View Full Version : integrating Cassandra with Pentaho map Reduce in 4.3

02-24-2012, 07:16 PM
(adding some clarification ...)

Hi all

When using the Pentaho Map Reduce functionality in 4.3 prerelease with Cassandra 1.0x, is there an easy way to extract the column values in the pentaho map reduce map-reduce input when using the Cassandra ColumnFamily input format?

When using a Java based mr job, one possible approach is to use the Cassandra ColumnFamilyInputFormat which returns a key and a representation of the map for all columns returned for each row.

However to apply this to a Pentago based map reduce job, you would need to separate this out into fields - one thought was to use some java code to extract this into individual fields - but the catch is that Janino (the underlying engine for the user defined java class) does not support generics, so this would need to be written as a separate jar using eclipse or some other IDE.

The other aspect of using the ColumnInputFamilyFormat is that the slice predicate (used to indicate which rows and/or column families ) to select, needs to be written out as stringized representation into the configuration - again for a pentaho map reduce job, this could be worked around using java by writing a custom derivative of the ColumnInputFamilyFormat.

Are there any direct support features for this in the PDI 4.3 pre-release (for example custom properties to set on the map-reduce job to simplify this ?) The how-tos outline the process of integrating a custom input format, but I am wondering if there is some other approach that I may have overlooked


02-28-2012, 05:50 PM
Hi all

I am also trying to use the Cassandra output step from within a Pentaho map reduce job - it fails silently with the map reduce job reporting no issues, but no output going to cassandra. I see for HBase output that the hadoop class path needs to point to the hbase libraries - is there a similar requirement for using the cassandra output step ?

I've tried various classpath settings but with no effect

Any advice would be appreciated


02-29-2012, 01:36 AM
You’re right on the money with those workarounds and for the time being they are required to get the functionality you’re looking for. The required changes have not been implemented yet and likely will not be included in the 4.3.0 release.

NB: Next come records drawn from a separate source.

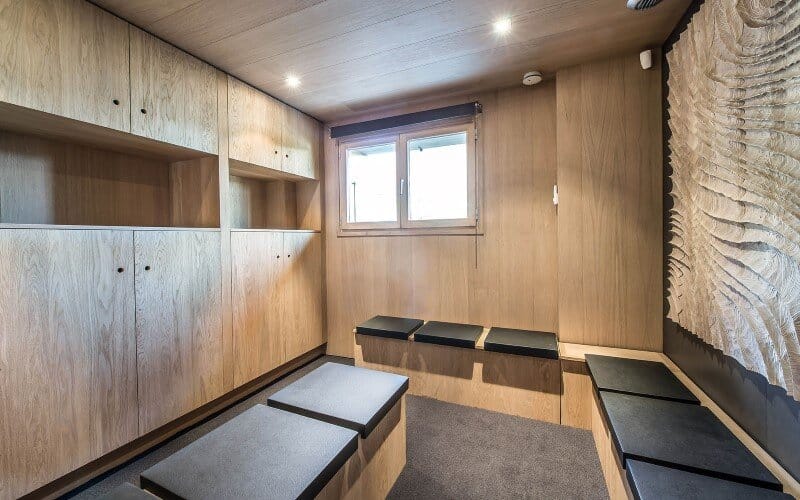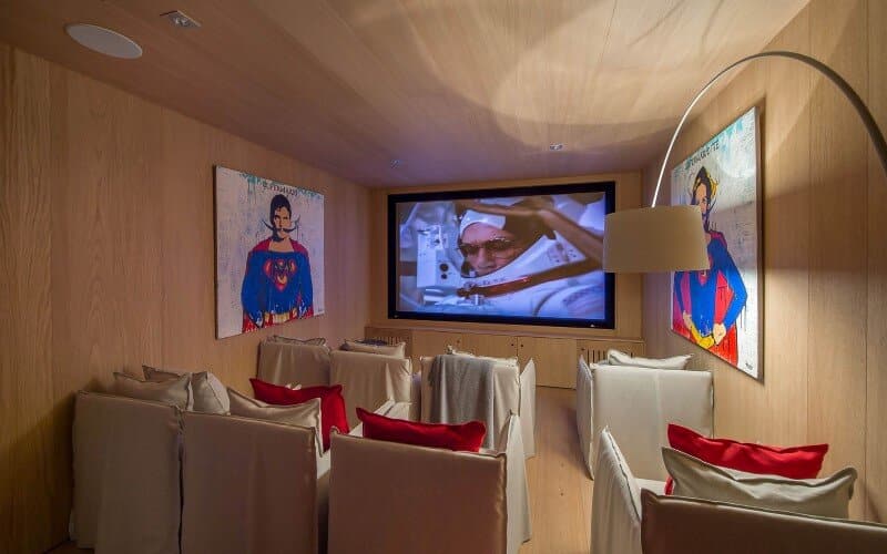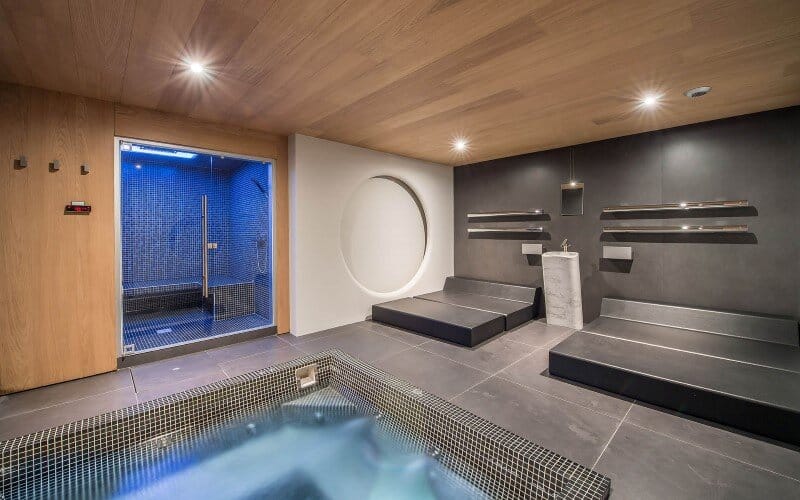 When you’re not out on the slopes, which are conveniently just moments away, you’ll be able to enjoy a relaxing sauna or a dip in the hot tub, down in the private wellness suite. The chalet has its own cinema room, too, so after a morning on the snow, you can get in the beers and popcorn and have a cosy movie matinee.
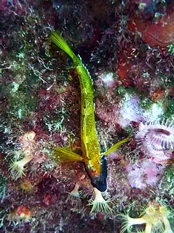 The common name yellow black-faced blenny derives from the colouration of territorial males during the breeding season: their body becomes yellow and their head turns black; during a territorial fight the colouration of the head changes to a grey colour as a sign of aggression.[3] Non-territorial males, females, and juveniles are cryptically coloured and are grey-brown with five dark and broad dorso-ventral bands between the head and the tail.[2][3][4] Outside the breading season, males and females can only be told apart with certainty by dissection.[3]
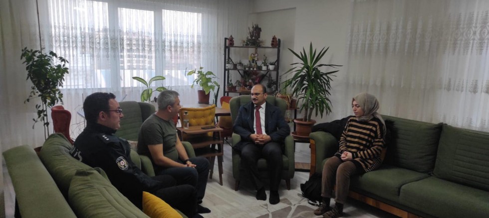 İlçemiz Kaymakamı Bekir Abacı ve eşi Fendiye Büşra Abacı, depremde Malatya'da bulunan annesi, babası ve kardeşini kaybeden Polis Memuru Murat Peköz'e taziye ziyaretinde bulundu.
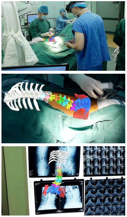 2017年,骨二科已成功运用全息混合现实技术治疗脊柱侧弯
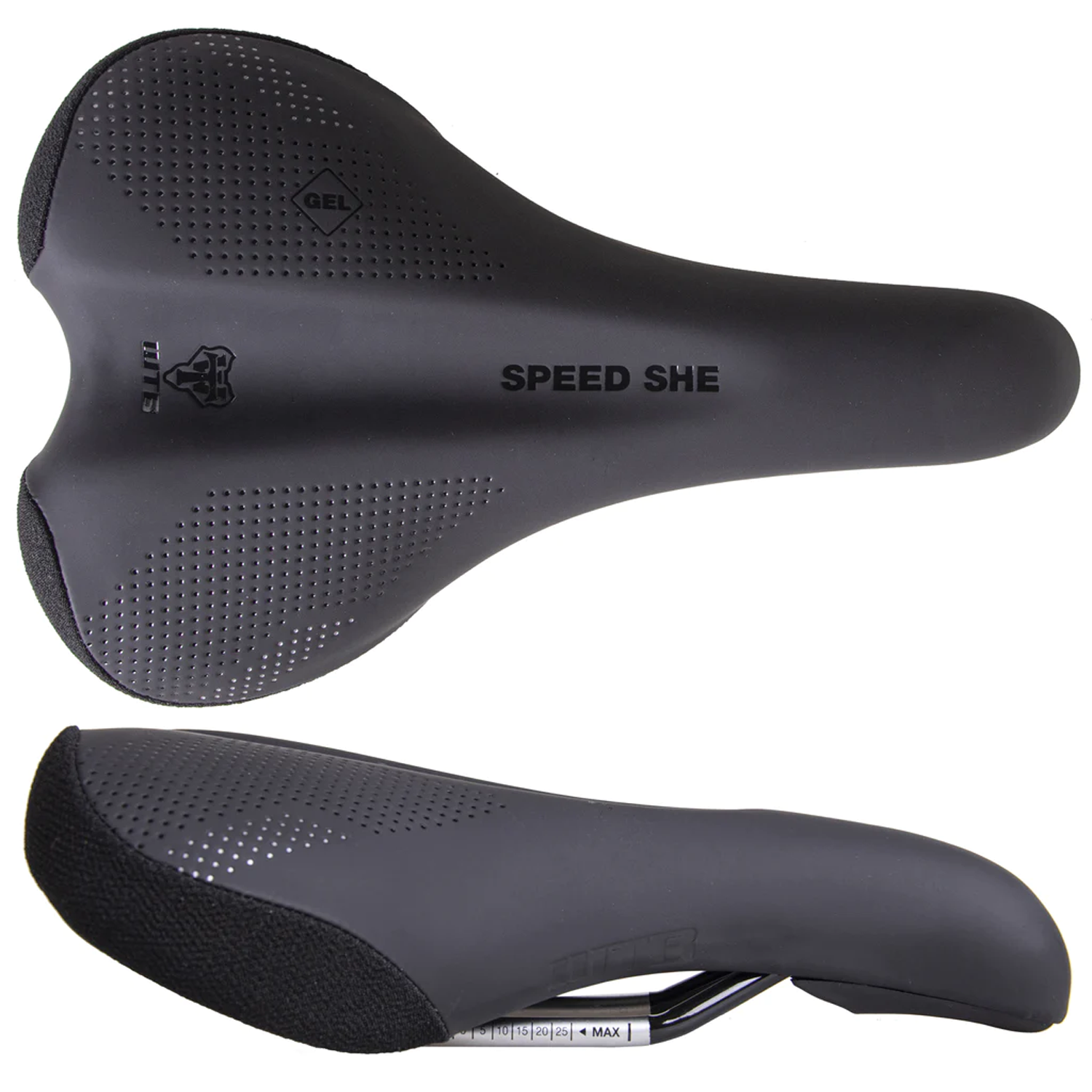 Este sillín enfocado a la mujer se ha convertido en uno de nuestros modelos más populares con su forma ergonómica, curvas suaves y costuras de perfil bajo. Su ancho medio y su perfil redondeado y abatible hacen del Speed ​​She un sillín fácil de manejar y maniobrar.

We’re constantly looking to improve our Cassandra, and big data in general, support and if you're interested in helping out you can get started here: http://wiki.pentaho.com/display/BAD/Pentaho+Big+Data+Community+Home

02-29-2012, 09:56 PM
Hi Ronans,

Can you elaborate a bit on your setup as far as using the Cassandra output step in a MR job? I ran a quick test earlier today with Cassandra output in the word count example's reducer transformation running on Apache Hadoop 20.2. It did halt due to a null key value (there was plenty of feedback in Spoon's log though), but once that was sorted out it worked fine.


02-29-2012, 10:07 PM
Sending you details of our setup via private message

03-03-2012, 12:01 AM
Adding the cassandra, thrift and other dependent libraries to the hadoop classpaths solved the problem. It is also necessary to add libraries from the pentaho pdi libext\jdbc directory to the hadoop class path to get logging to work correctly to mysl - these are not setup by default as part of the /opt/pentaho/pentaho-mapreduce/lib set of jars.